Gravity loading induces adenosine triphosphate release and phosphorylation of extracellular signal-regulated kinases in human periodontal ligament cells
Article first published online: 24 JUN 2013
© 2013 Wiley Publishing Asia Pty Ltd
Journal of Investigative and Clinical Dentistry
How to Cite
Ito, M., Arakawa, T., Okayama, M., Shitara, A., Mizoguchi, I. and Takuma, T. (2013), Gravity loading induces adenosine triphosphate release and phosphorylation of extracellular signal-regulated kinases in human periodontal ligament cells. Journal of Investigative and Clinical Dentistry. doi: 10.1111/jicd.12049
- Article first published online: 24 JUN 2013
- Manuscript Accepted: 23 FEB 2013
- Manuscript Received: 14 NOV 2012
- adenosine triphosphate release;
- extracellular signal-regulated kinases phosphorylation;
- gravity loading;
- P2Y receptor;
- periodontal ligament
The periodontal ligament (PDL) receives mechanical stress (MS) from dental occlusion or orthodontic tooth movement. Mechanical stress is thought to be a trigger for remodeling of the PDL and alveolar bone, although its signaling mechanism is still unclear. So we investigated the effect of MS on adenosine triphosphate (ATP) release and extracellular signal-regulated kinases (ERK) phosphorylation in PDL cells.

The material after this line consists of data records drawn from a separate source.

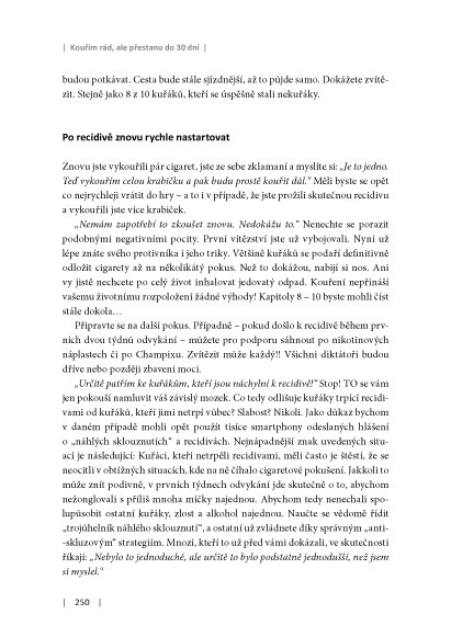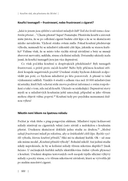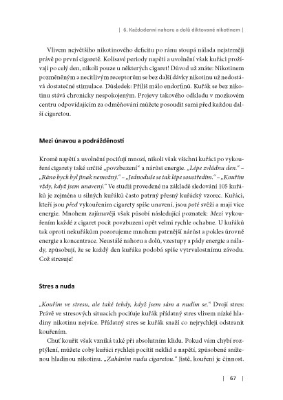 Autor této knihy vám předkládá soubor rad, který vám pomůže s kouřením definitivně skoncovat. Ví, jak nikotin přeprogramovává mozek, činí vás náchylnějšími ke stresu, způsobuje výkyvy nálad. Ví, že na to, proč stále ještě kouříte, má vliv spousta malých detailů. Naučí vás je odhalit, pojmenovat a pochopit. Pak přestanete kouřit.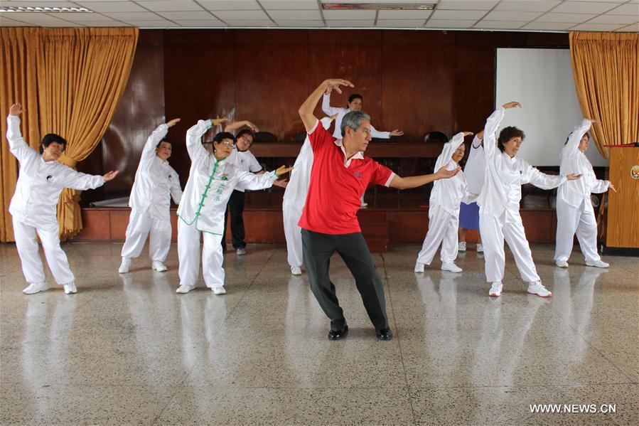 Image taken on Nov. 5, 2016 shows director general of the Police Hospital "Augusto B. Leguia" in Lima, Orlando Leiva Meza (C), taking part in a Tai Chi (shadowboxing) session in the hospital's climacteric program, in Lima, Peru. Growing up in Peru, Orlando Leiva Meza developed a fondness for Chinese cuisine and martial arts. But it was his decision to become a traditional Chinese medicine doctor that has cemented his ties with China. "It would very much help to strengthen the practice of traditional Chinese medicine, especially acupuncture," said Leiva, who is currently director general of the Police Hospital in Lima, stressing that he would like to see greater cooperation between China and Peru in the field of health. (Xinhua/Luis Camacho)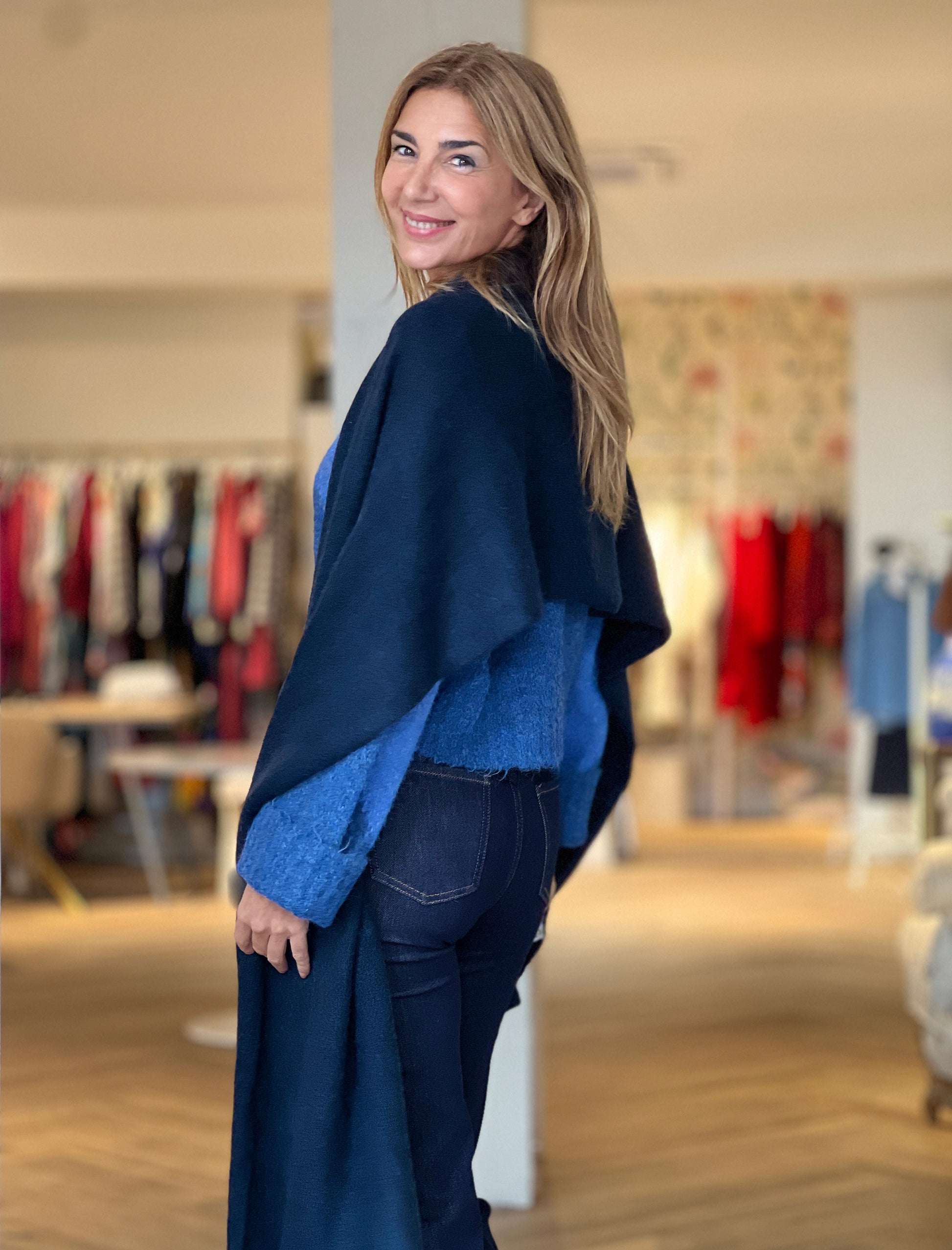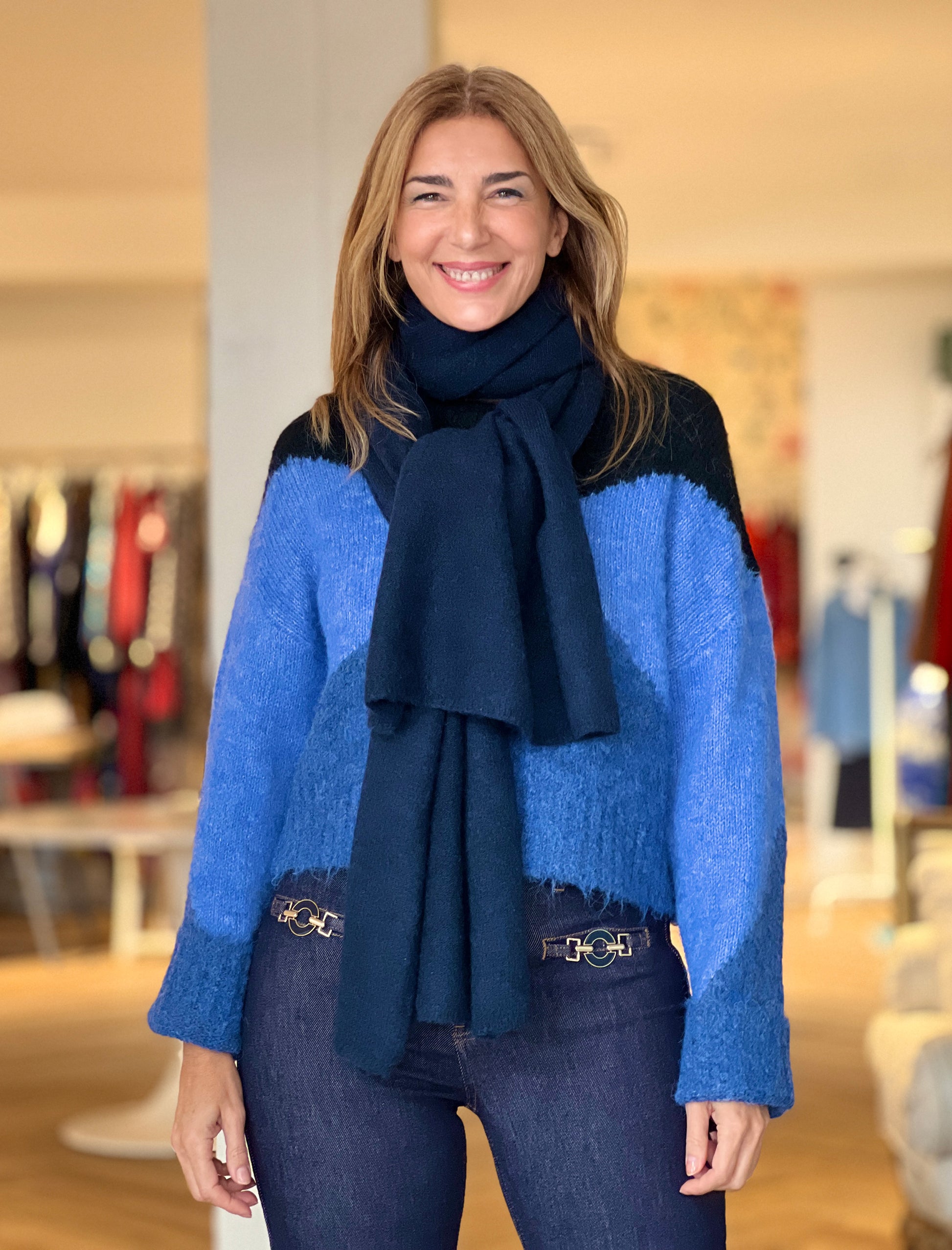 La Bufanda Suave para Todo en tono azul marino es ese complemento que no puede faltar en tu fondo de armario. Su tejido de tacto ultrasuave la convierte en la aliada perfecta para abrigarte con estilo sin renunciar a la elegancia. Su color marino, clásico y atemporal, combina con absolutamente todo. Una pieza sencilla, versátil y favorecedora que eleva cualquier look.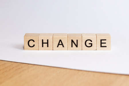 Wooden cubes, blocks with word Change in female hand. Conceptual image about human rights, education, social issues, mental health, education and personal development.

Mechanical stress was applied to human PDL cells as centrifugation-mediated gravity loading. Apyrase, Ca2+-free medium and purinergic receptor agonists and antagonists were utilized to analyze the contribution of purinergic receptors to ERK phosphorylation.
Gravity loading and ATP increased ERK phosphorylation by 5 and 2.5 times, respectively. Gravity loading induced ATP release from PDL cells by tenfold. Apyrase and suramin diminished ERK phosphorylation induced by both gravity loading and ATP. Under Ca2+-free conditions the phosphorylation by gravity loading was partially decreased, whereas ATP-induced phosphorylation was unaffected. Receptors P2Y4 and P2Y6 were prominently expressed in the PDL cells.
Gravity loading induced ATP release and ERK phosphorylation in PDL fibroblasts, and ATP signaling via P2Y receptors was partially involved in this phosphorylation, which in turn would enhance gene expression for the remodeling of PDL tissue during orthodontic tooth movement.